Este haiku populista tiene un problema formal
insalvable. La pretensión del relato ficcional del kirchnerismo pretendió
inaugurar una doctrina de la relación entre el Estado y la utilización legítima
de la violencia. Incluso si no se tiene ganas de llegar demasiado lejos en la teoría,
lo mínimo para decir es que el discurso del gobierno se restaba a si mismo
capacidad de autoridad y, con ello, también soberanía.
Ahora saben los kirchneristas lo que siempre
supimos todos. No es posible suspender, por un acto de performatividad del
lenguaje, la imprescindible relación entre Estado y represión. Puede gustarnos
un poco más o un poco menos, pero la negación de esa relación terminará por
agigantar al monstruo.
Decir esto no es decir que todos los Estados,
por sólo serlo, deben prepararse para reprimir. Lo que sí implica,
necesariamente, es una discusión muy potente, muy vigorosamente democrática, de
los modos y las formas en que esta relación convive con la sociedad. No hay una
única manera de encarar el conflicto y no todo conflicto debe llevar a
instancias represivas, pero para llegar a esta forma es imprescindible no negar
una situación definicional, en términos teóricos y prácticos, de la experiencia
social.
Una de las maneras más interesantes de licuar
la violencia en esta relación es la de reformular el conflicto pensándolo en
otra clave.

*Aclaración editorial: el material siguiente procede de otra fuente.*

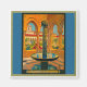 Vintage travel poster for Monreale , Palermo in Italy. Colorful Italian courtyard with an ornate fountain.
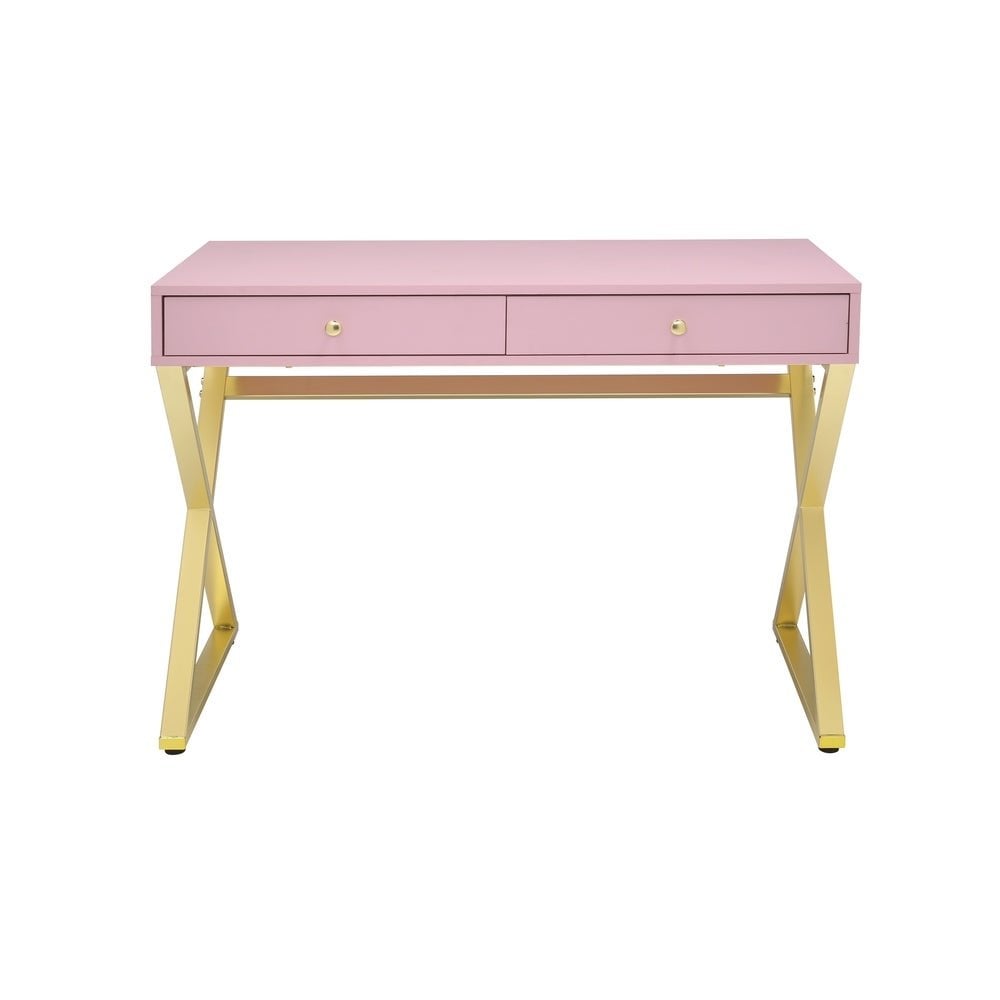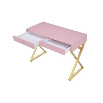 Simple, bold, and appealing, the Coleen Writing Desk will give your workplace a distinct look with contemporary style. The brilliant table top on trendy cross-base legs gives the desk a gorgeous and lustrous look. It has two storage drawers for your office supplies, with built-in USB port and plug keeping your devices charged. Create your own stylish work space with the Coleen Writing Desk.
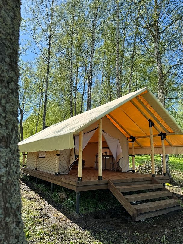 Семейный отдыхДостоинстваОтличная территория и выбор время препровождения. Отдыхали в Глемпинге, очень понравилось. В палатках есть свет, стол, «шкаф» мангал. Рядом река. Много мест для досуга. Хочешь палатку - пожалуйста, хочешь в люкс - подалуйста. На любой вкус домики. Удобный выход к реке, есть сапы, катамараны. Есть кафе. И очень хороший туалет, если вы приезжаете в Глемпинг или с палаткой. Отдыхом очень довольны.
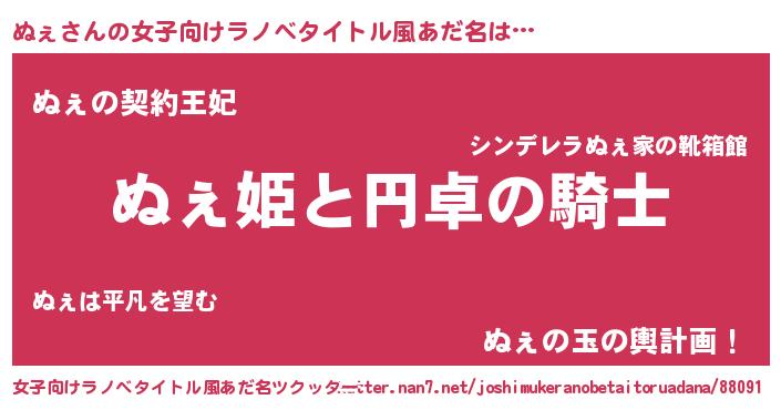 | 胡散臭い通販商品みたいなあだ名 | 『モテモテ間違いなしブレスレット…その名も「ぬぇ」』 |
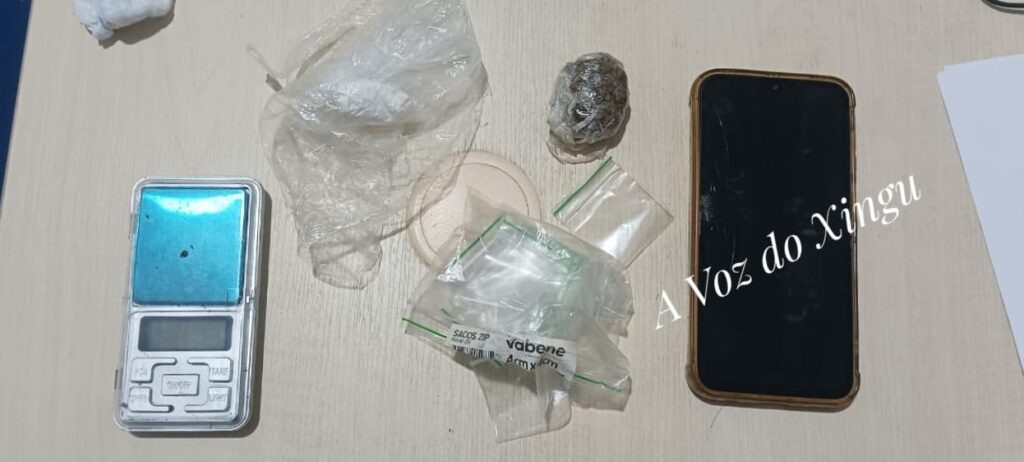 A guarnição se dirigiu ao endereço indicado e encontrou o suspeito no local. Identificado como Júlio Neto Barbosa Mendes, o acusado confessou ser o dono da droga e disse ainda que Gabriel — que havia deixado seu celular no local e fugido antes da chegada da polícia — seria seu sócio na venda dos entorpecentes.
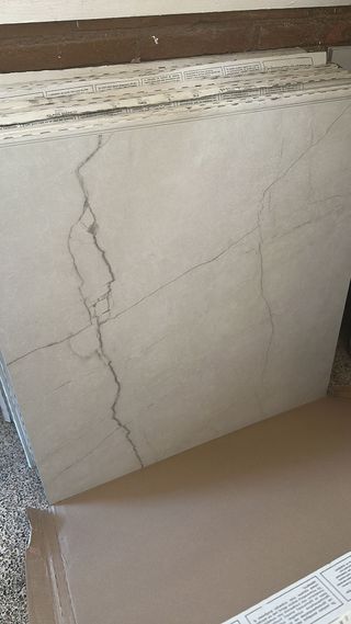 Gres porcelanico, mate, rectificado, de gama alta, fabricada en Italia. 4 piezas perfectas + 1 pieza tiene una esquina picada. Necesita transporte profesional (min. 2 personas), son muy grandes y PESAN MUCHO. Para ver todos los detalles en la pagina web de fabricante, busca por "atlas concorde dwell off white mate 120x120" Precio original 95€/m^2
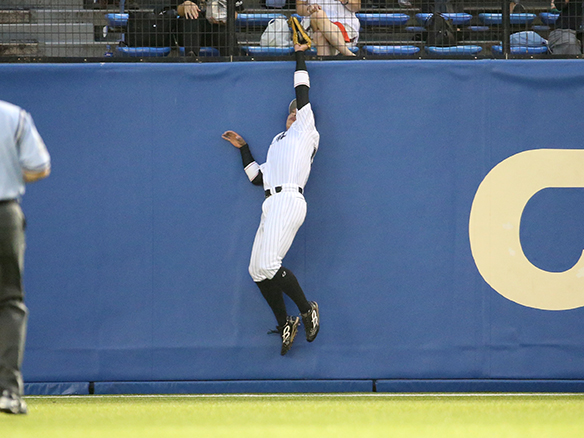 フェンスにぶつかりながら大飛球を好捕した加藤
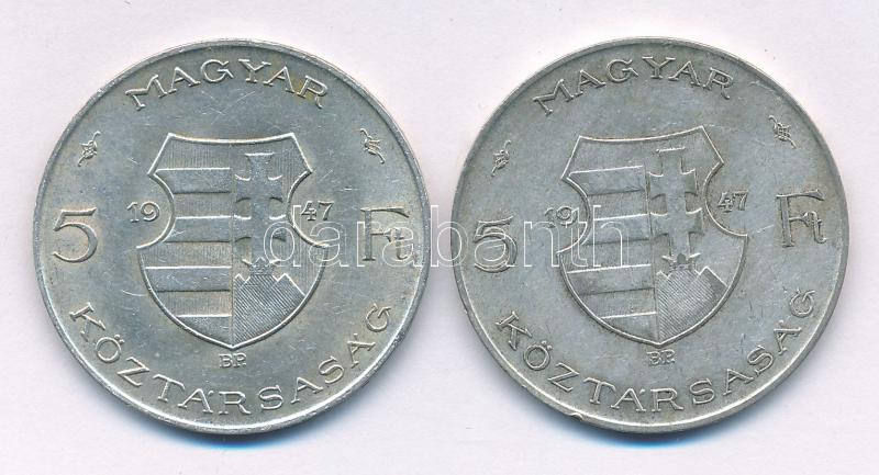 1947. 5Ft Ag "Kossuth" (2x) T:VF,F patina
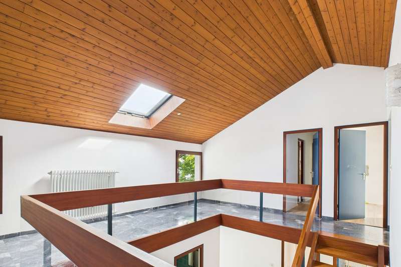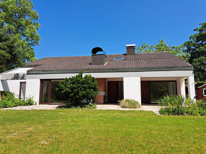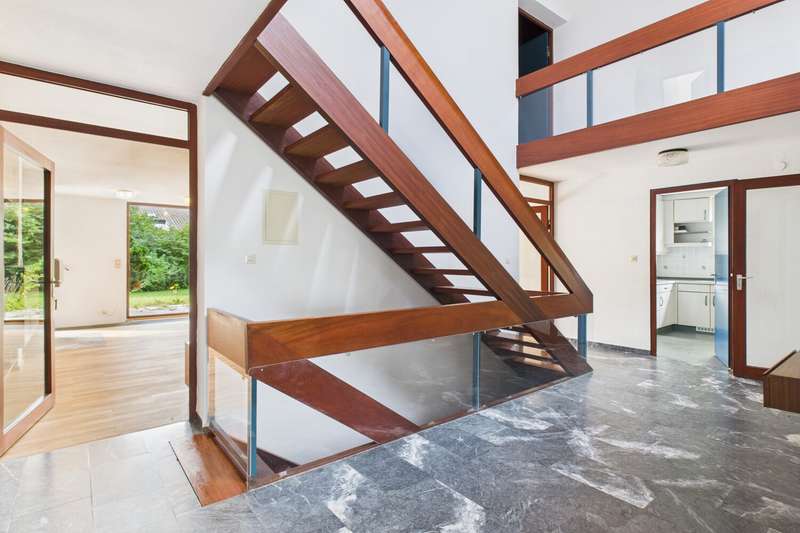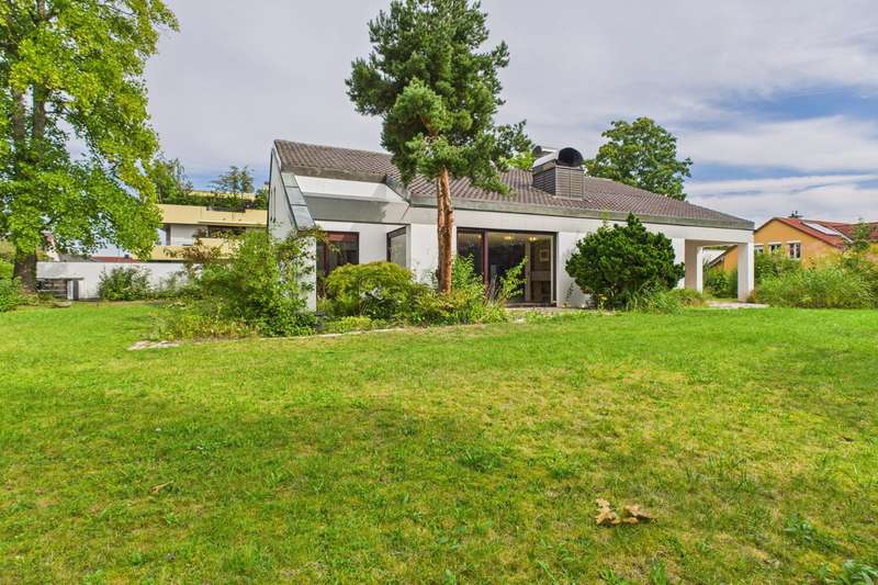 In a quiet and sought-after location in Stadtbergen, a spacious architect's house awaits you on a spacious dream plot at the transition between town and nature. The architecture impresses with its clear lines, light-flooded rooms and high-quality materials. The entrance hall with gallery and marble floor forms the prestigious heart of the house. Spacious living and dining areas with new floor coverings and the bright living room with direct access to the terrace and garden create an open, inviting ambience. On the first floor, a modern bathroom, fitted wardrobes made of fine wood and a spacious bedroom complete the living concept. The upper floor offers four further rooms and an additional bathroom - ideal for family, work or guests. The attic and full cellar create additional usable space. The well-kept property with a large driveway, wrought iron gate and natural garden rounds off this special offer.
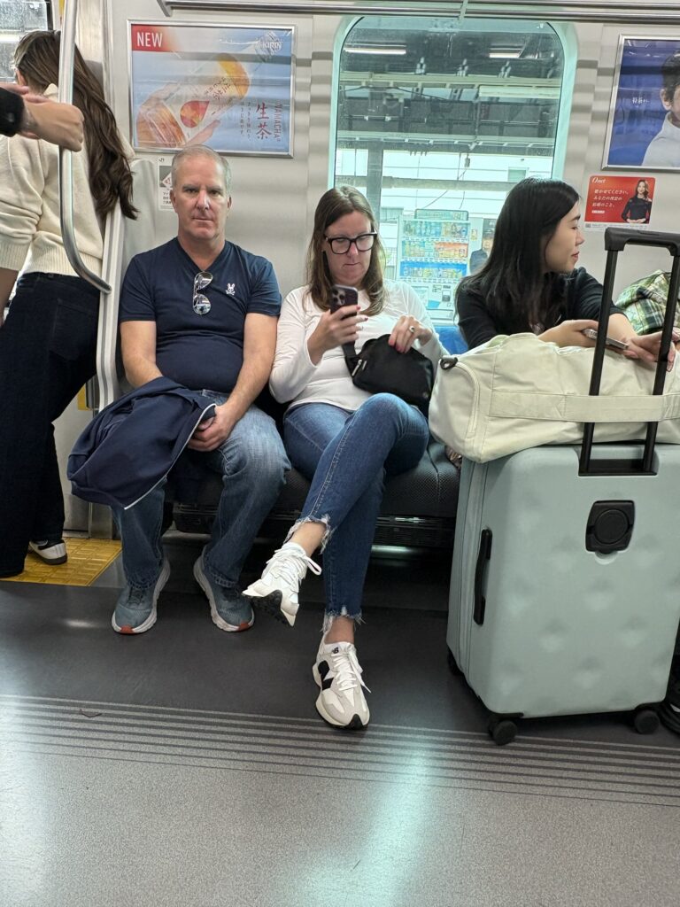 We arrived in Tokyo on Sunday morning, hitting the streets by 10 a.m.armed with nothing but Japanese Rail (JR) Line schedules, misplaced confidence, and the stamina of our own two feet. Shinagawa Station pulsed with families and travelers who pirouetted through the platforms as if born with transit choreography. Meanwhile, Mark, Deb, and I shuffled like three great disruptors, throwing sand into the gears of a city that has zero patience for amateurs.

Se puede promover dejar que la confrontación deje paso a la
colaboración y percibir, en cada conflicto particular, de qué modo contemplar
primero los intereses de los más débiles. Al mismo tiempo, no es necesario
dejarse ganar por la sencillez del “alguien tiene que perder” y se puede pensar
en el crecimiento colectivo.
Una experiencia populista como la que vive
Argentina no puede llevar adelante una política de este tipo. No tiene la
sensibilidad ni el talento como para no dejarse ganar por el belicismo
discursivo que propone la creación de un enemigo cada vez que pierde el rumbo.
Habrá que ver qué sucede cuando otros monstruos
vayan despertando de su siestita ficcional.